Ok, it wasn’t hard, but wow!! Everything is now so different after returning from the accident.
All about the tires
To try and help, I’d switched out my SpeedPlay pedals, for a simple Wellgo pair of flats and put on a pair of the grippiest tires I could find. When I was lying in the hospital bed, I spent some time looking for new tires. Whilst looking for the tire with the ultimate grip, I came across a review for the Vredestein Fortezza Senso Xtreme Weather tires, the thing that sold me was the reviewer had put on their old volley ball pads on (I didnt realise volley ball was a contact sport!) and intentionally tried to slide the tires, on a road bike, going across a round-a-bout. He failed to slide the bike. Frankly that will do for me as far as grip is concerned!!
Incidentally, the cheapest place I was able to find them was on Wiggle.
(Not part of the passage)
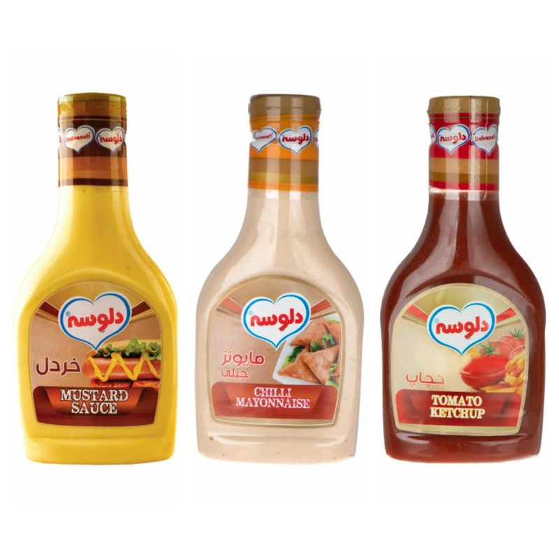 سس خردل و کچاپ و مایونز چیلی دلوسه – 480 گرم بسته 3 عددی

Not a sponsored link, just trying to be helpful.
Never the less in spite of swapping to flat pedals, and very sticky tires – Everything was still, what’s the word…. TERRIFYING!!!
Pebbles – terrible!!
Sand – fear inducing!!
CORNERS – WOW! The true unbridled horror!!
Going over even a *slight* join in the Tarmac, sends a shock shooting through the arm!
Ok, that is a major exaggeration. A bump makes me *aware* of having had the elbow fracture. My arm still doesn’t like quick movements or being jolted. But at least there was no pain.
A Top Two Inches problem
I think the problem was a mixture of simple mental and physical factors.
Mentally having to come to terms with my accident, given it happened so quickly, the blink of an eye, and there was nothing I could do about it.
Physically, I’m simply not as strong as I was before the accident. This covers core strength as well as arm strength. The effect here being I have to work harder to balance and harder to control the bike with my weaker arm.
I did 26mins in total. Simply as it was so tiring. I just never realised on a turbo, particularly with the KICKR, how little risk there is. You just sit and pedal. No worries. If you are worried you just clamp the wheel in a riser block
Out of the road, you have to use your core muscles to keep you upright. That whole core stability thing… Which I’ve not needed, or worked on SINCE January. You’ve to be aware of changes in the road. How hard and far you turn into the corners.
Plus to cap it off, as my right arm, and thus shoulder and back on that side are the weaker, it feels as if I’m more likely to slip toward the right again. That’s rather draining!
I turned around after 13mins simply as I didn’t want to get tired, and then make a mistake and slip. Hopefully, things will improve steadily from here.
The two things I do know; it’s going to take a lot of work to get back to where I was both in general fitness, but also in bike control. Plus I think I’m going to have to start using the turbo one-handed, just to be able to develop the strength in that arm again, but in a safe environment.
I might even have to consider rollers!! But I’ve always considered those paramount to suicide. So maybe not!
So now I’ll add core to the list of exercises, but I can say it took 11 weeks to get back to cycling after fractured olecranon. But I’m about to head off to Scotland…Might try and get a few recovery minutes out on the quiet roads up there. Next goal, break 30mins on the road!